Бокарев понял, что опять он попал впросак, и забормотал:

– Так это я. Так. Ну, речь ваша...

Щеки ее так и запылали.

– Как вам не стыдно? По-вашему, раз я доярка, то и должна говорить как-то так: анадысь, чегой-то и намедни... А у меня, между прочим, десять классов образования.

Бокареву стало совсем неловко:

– Не то совсем я хотел сказать. Просто, знаете, доярки мне представляются этакими здоровущими ба... ну, женщинами, которые и воду в ведрах могут таскать без устали, и вилами шурудить, и эти, ну, как их, одним словом, согласитесь, и вымя это дергать все время – дело нелегкое.

Она даже головой замотала – в такой пришла восторг:

– Ой... Вот чудо! Честное слово, вы словно с Луны свалились. Надо думать, современной молочной фермы вы никогда и в глаза не видали.

С сельским хозяйством Бокарева связывала только скульптурная группа «Межи перепаханы», и он, вспомнив ее, помрачнел.

– Доярками нас теперь только в народе еще называют, – добавила женщина. – А так мы операторы машинного доения.

Дальше Бокарев долго шел на лыжах с хмурым видом и молчал.

С любопытством поглядывая на него, женщина тоже молчала, хотя, похоже, все как-то хмыкала про себя.

Но вскоре она приостановилась и подняла лыжную палку:

– Посмотрите на ту скалу.

– Я ее уже заметил.
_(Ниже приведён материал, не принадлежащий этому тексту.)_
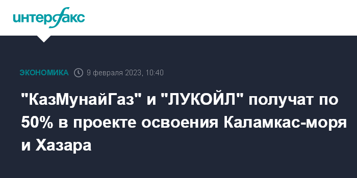 Москва. 9 февраля. INTERFAX.RU - Казахстанская национальная нефтегазовая компания "КазМунайГаз" (КМГ) и российский "ЛУКОЙЛ" поровну разделят доли в проекте освоения месторождений Каламкас-море и Хазар, расположенных в казахстанском секторе Каспийского моря, сообщила пресс-служба КМГ.
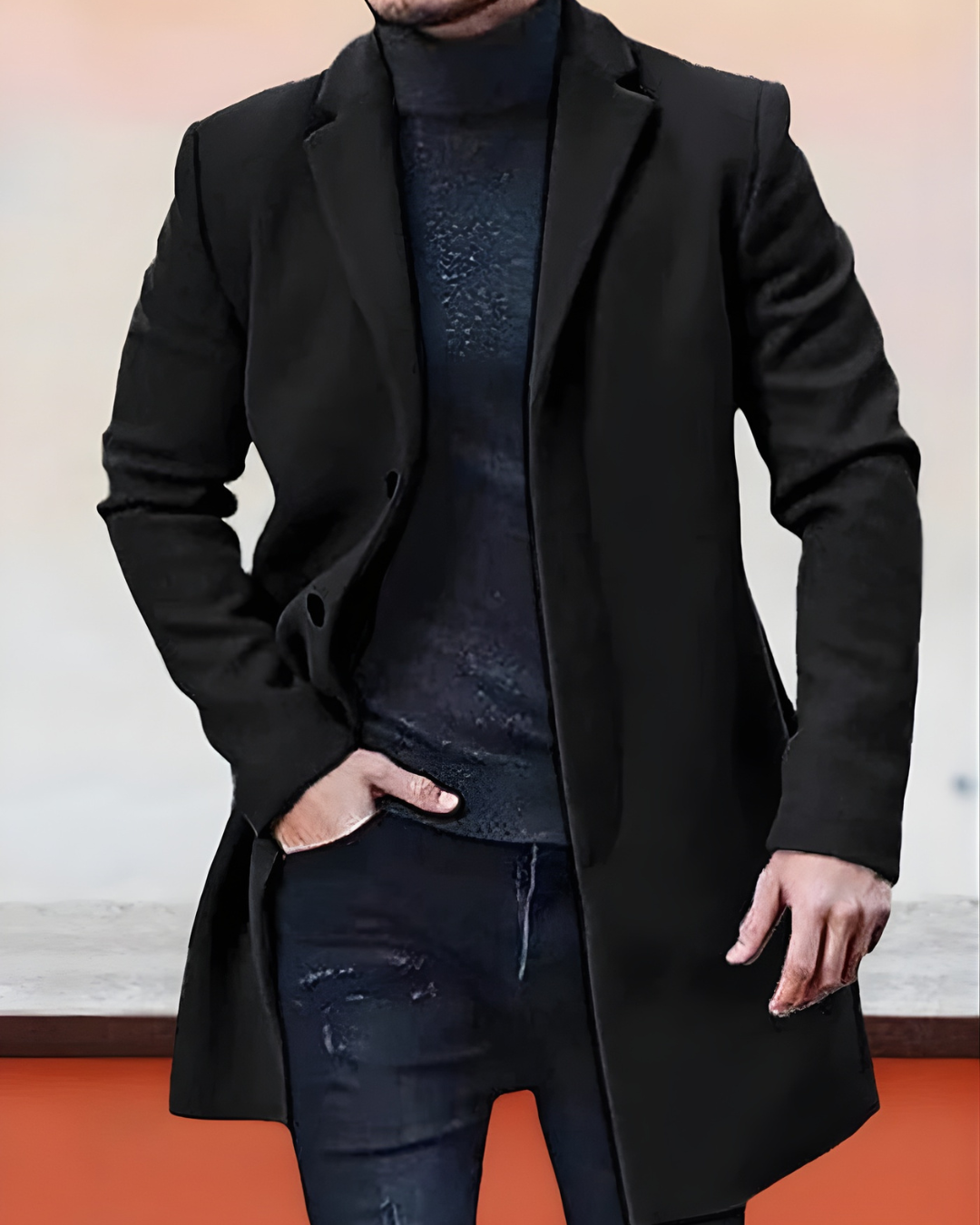 A gola de corte tradicional confere a esta peça um ar de sofisticação inconfundível. Este detalhe de design garante que o casaco transcenda modas passageiras, tornando-o numa peça-chave de distinção para o seu guarda-roupa.

И раньше я ее видел, – отозвался Бокарев. – Интересная очень скала, стоит, прямо как природный постамент.

– Прошлым летом у деда Петра Белоусова очень забавная история вышла с этой скалой. Все село до слез смеялось. Не совсем, правда, приличная история, но я вам ее расскажу, чтобы вы так не куксились, а повеселели. Представляете, он заставил Витьку взобраться на эту скалу и в нише выбить крупными буквами «Петр Михайлович Белоусов». А пониже – год своего рождения и тире... Рассказывают, что он написал завещание, по которому половина его хозяйства отойдет Витьке, если он после его кончины выбьет за тире дату его смерти...

Бокарев вскинулся:

– Как?..

– Просто. Вот так: год рождения и год смерти. Но ребята, они его очень не любят, потому что он их палкой любит наставлять, взяли и схулиганили: выбили на пустом месте за тире очень нехорошее слово. Так Витька, по указке старика Белоусова, то слово на двадцатый век переправил.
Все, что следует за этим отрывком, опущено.